(Input data Opens)

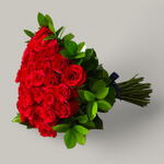 A luxurious bouquet of vibrant red roses, artfully arranged to create a cascading effect, accented with lush green leaves. The stems are neatly bound, emphasizing the rich, passionate beauty of the roses.
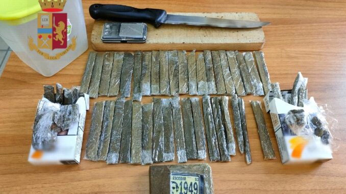 I poliziotti, con il supporto dell’Unità Cinofila dell’Ufficio Prevenzione Generale, hanno rinvenuto, all’interno di una busta nascosta dietro un mobile nella sala da pranzo, 37 stecche, 1 tavoletta e 16 pezzetti di hashish per circa 281 grammi, un bilancino di precisione, un tagliere e un coltello con la lama di 18 cm.
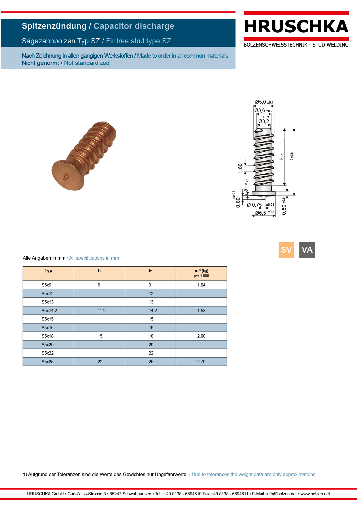 Sägezahnbolzen mit Zündspitze T 5x13 A2-50

(Input data Closes)

Aim of the exercise - Give back exactly the lines from the first line of the data through the line with "I poliziotti, con", pictures excluded.

Result -
 A luxurious bouquet of vibrant red roses, artfully arranged to create a cascading effect, accented with lush green leaves. The stems are neatly bound, emphasizing the rich, passionate beauty of the roses.
 I poliziotti, con il supporto dell’Unità Cinofila dell’Ufficio Prevenzione Generale, hanno rinvenuto, all’interno di una busta nascosta dietro un mobile nella sala da pranzo, 37 stecche, 1 tavoletta e 16 pezzetti di hashish per circa 281 grammi, un bilancino di precisione, un tagliere e un coltello con la lama di 18 cm.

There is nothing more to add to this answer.